*** Available data ***
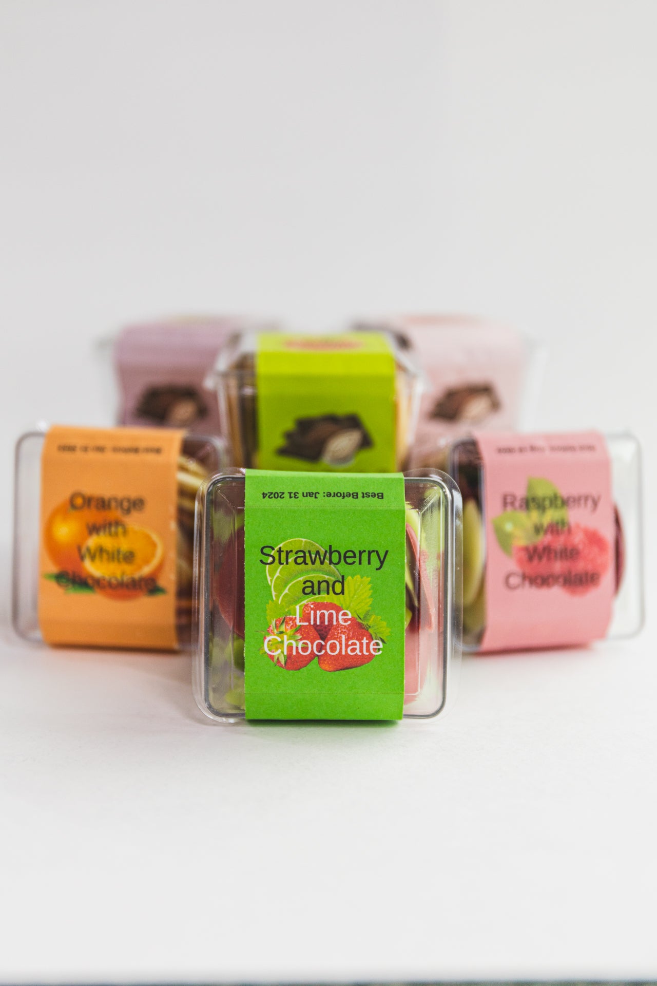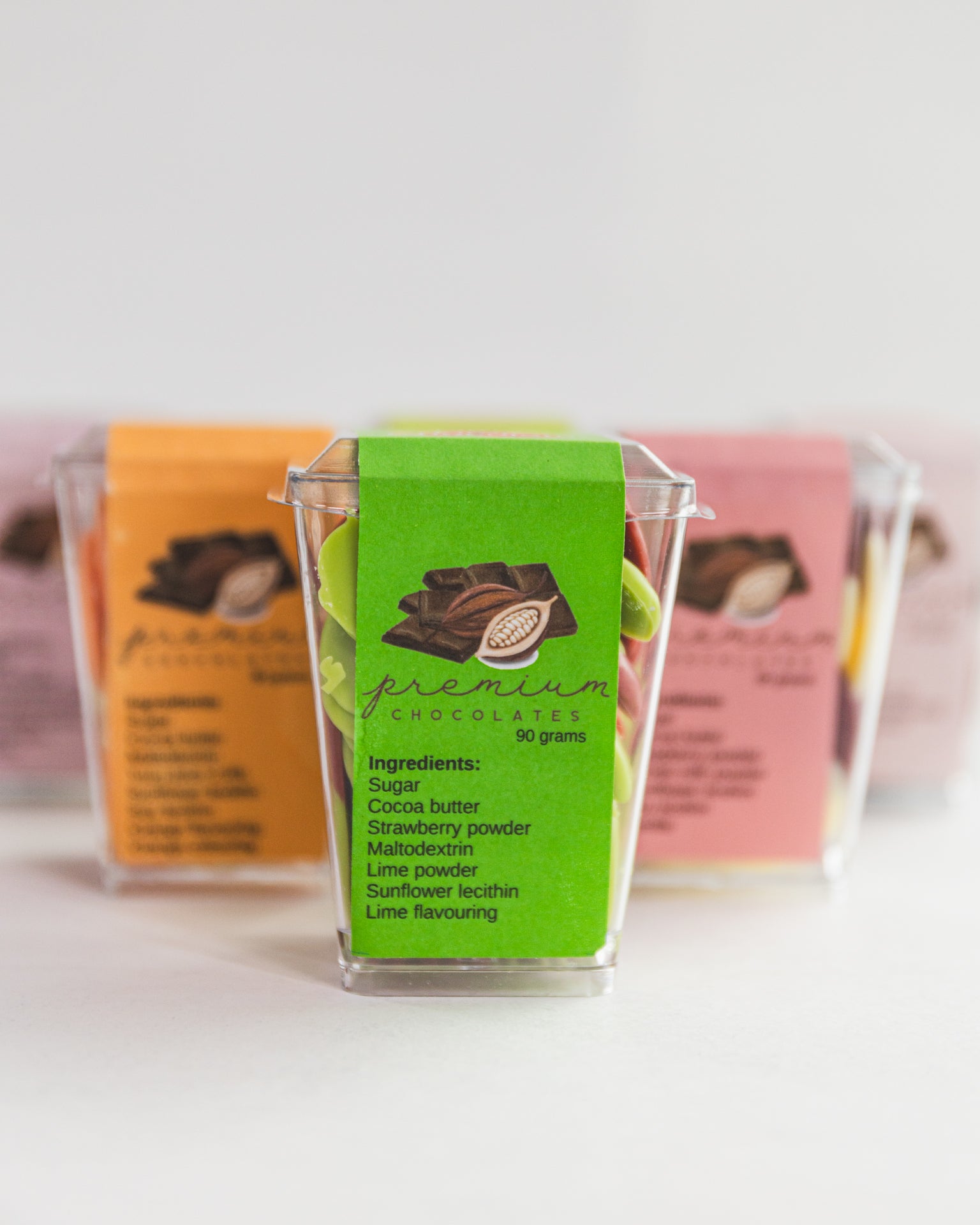 Each cup holds 90 grams of chocolate in approximately thirty 3 grams chocolate pieces, and they come in the following flavours:
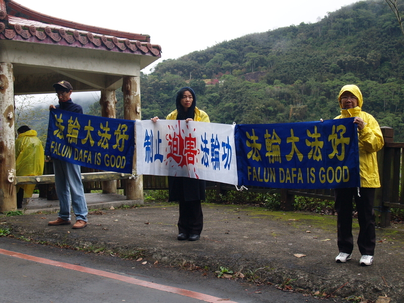 虽然新竹县天候不佳,雨势不小,却已经有不少法轮功学员冒着寒风,在通往张学良故居的县道沿路等候多时,他们举着各式大小的横幅,齐声对辽宁省车队高喊“法轮大法好”、“停止迫害法轮功”。
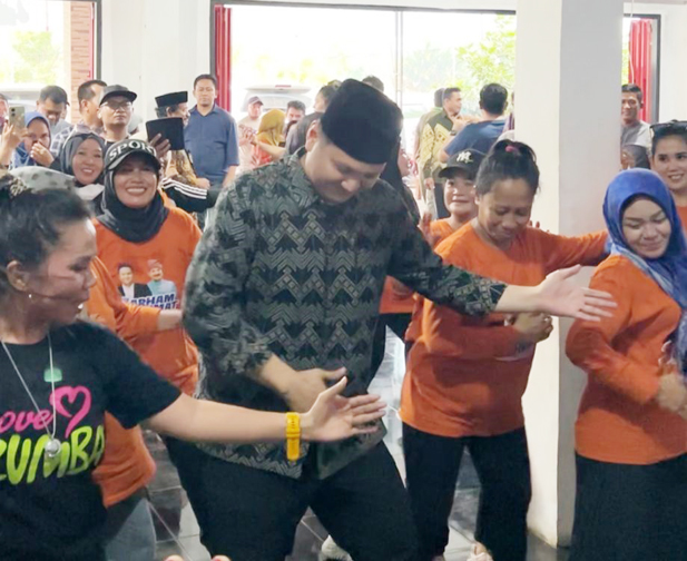 Kehadiran calon Bupati dan Wakil Bupati, ABM-Rahmat di Posko Pemenangan itu membuat suasana Zumba semakin ceriah.
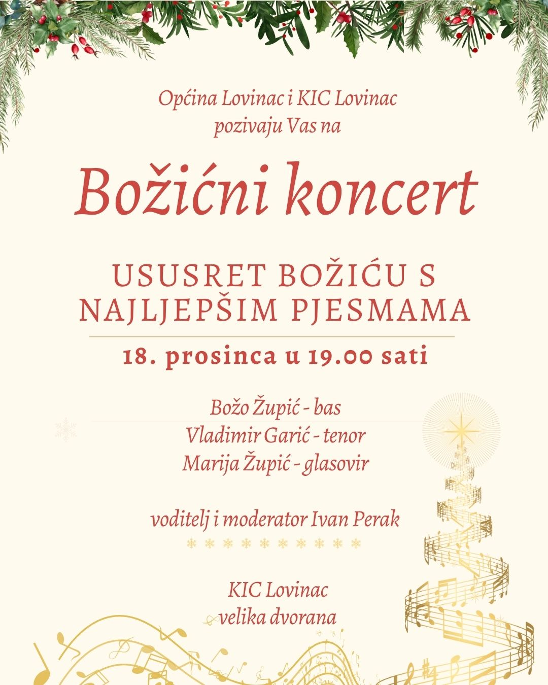 Srijeda 18.prosinca U KIC-u je rezervirana za Božićni koncert “Ususret Božiću s najljepšim pjesmama” koji će se održati s početkom u 19 sati.
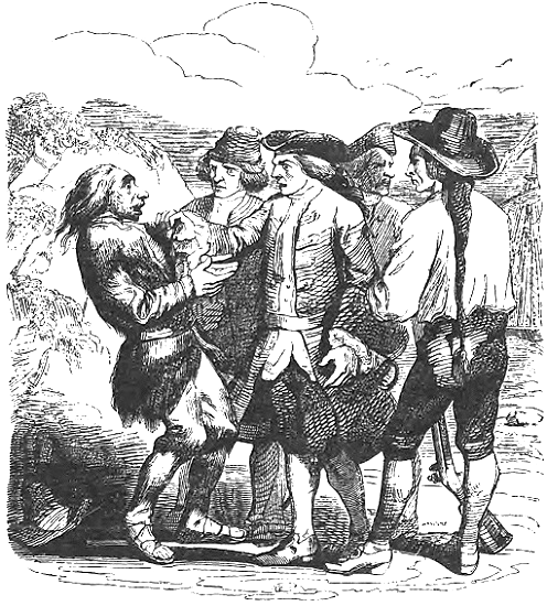 Корабль подошел к этой бухточке на расстояние полулиги и отправил к берегу шлюпку с бочками за пресной водой. По-видимому, на корабле хорошо знали это место. Я лежал между камнями и потому заметил шлюпку лишь тогда, когда она подошла к самому берегу и было слишком поздно искать другого убежища. Высадившись на берег, матросы сразу заметили мою пирогу. Они внимательно осмотрели ее и без труда догадались, что хозяин ее находится где-нибудь поблизости. Четверо из них стали обшаривать каждую щелочку, каждый кустик и наконец нашли меня притаившимся за камнем. Некоторое время они с удивлением смотрели на мой странный и неуклюжий наряд: кафтан из кроличьих шукрок, башмаки с деревянными подошвами и меховые чулки. Тем не менее по этому наряду они заключили, что я не туземец, так как все туземцы ходили голыми. Один из матросов приказал мне по-португальски встать и спросил меня, кто я. Я отлично его понял (так как знаю этот язык) и, поднявшись на ноги, сказал, что я несчастный еху, изгнанный из страны гуигнгнмов, и умоляю позволить мне удалиться. Матросы были удивлены, услышав, что я говорю по-португальски. По цвету моего лица они признали во мне европейца. Но они не могли понять, что я разумел под словами «еху» и «гуигнгнмы». В то же время моя странная манера говорить, напоминавшая конское ржанье, вызывала у них смех. Дрожа от страха и ненависти, я снова стал просить позволения удалиться, тихонько отступая по направлению к моей пироге. Но они удержали меня, пожелав узнать, из какой страны я родом и откуда прибыл сюда. Я ответил им, что я родом из Англии, которую покинул лет пять тому назад, когда их страна и моя были в мире между собой. Поэтому я надеюсь, что они не будут обращаться со мной, как с врагом, тем более что я не хочу им никакого зла. Я просто бедный еху и ищу какого-нибудь пустынного места, где бы провести остаток моей жизни.
*** End of Available data ***
_Exercise goal_. Print every line above exactly as given, but not the pictures.

_Response below_.
 Each cup holds 90 grams of chocolate in approximately thirty 3 grams chocolate pieces, and they come in the following flavours:
 虽然新竹县天候不佳,雨势不小,却已经有不少法轮功学员冒着寒风,在通往张学良故居的县道沿路等候多时,他们举着各式大小的横幅,齐声对辽宁省车队高喊“法轮大法好”、“停止迫害法轮功”。
 Kehadiran calon Bupati dan Wakil Bupati, ABM-Rahmat di Posko Pemenangan itu membuat suasana Zumba semakin ceriah.
 Srijeda 18.prosinca U KIC-u je rezervirana za Božićni koncert “Ususret Božiću s najljepšim pjesmama” koji će se održati s početkom u 19 sati.
 Корабль подошел к этой бухточке на расстояние полулиги и отправил к берегу шлюпку с бочками за пресной водой. По-видимому, на корабле хорошо знали это место. Я лежал между камнями и потому заметил шлюпку лишь тогда, когда она подошла к самому берегу и было слишком поздно искать другого убежища. Высадившись на берег, матросы сразу заметили мою пирогу. Они внимательно осмотрели ее и без труда догадались, что хозяин ее находится где-нибудь поблизости. Четверо из них стали обшаривать каждую щелочку, каждый кустик и наконец нашли меня притаившимся за камнем. Некоторое время они с удивлением смотрели на мой странный и неуклюжий наряд: кафтан из кроличьих шукрок, башмаки с деревянными подошвами и меховые чулки. Тем не менее по этому наряду они заключили, что я не туземец, так как все туземцы ходили голыми. Один из матросов приказал мне по-португальски встать и спросил меня, кто я. Я отлично его понял (так как знаю этот язык) и, поднявшись на ноги, сказал, что я несчастный еху, изгнанный из страны гуигнгнмов, и умоляю позволить мне удалиться. Матросы были удивлены, услышав, что я говорю по-португальски. По цвету моего лица они признали во мне европейца. Но они не могли понять, что я разумел под словами «еху» и «гуигнгнмы». В то же время моя странная манера говорить, напоминавшая конское ржанье, вызывала у них смех. Дрожа от страха и ненависти, я снова стал просить позволения удалиться, тихонько отступая по направлению к моей пироге. Но они удержали меня, пожелав узнать, из какой страны я родом и откуда прибыл сюда. Я ответил им, что я родом из Англии, которую покинул лет пять тому назад, когда их страна и моя были в мире между собой. Поэтому я надеюсь, что они не будут обращаться со мной, как с врагом, тем более что я не хочу им никакого зла. Я просто бедный еху и ищу какого-нибудь пустынного места, где бы провести остаток моей жизни.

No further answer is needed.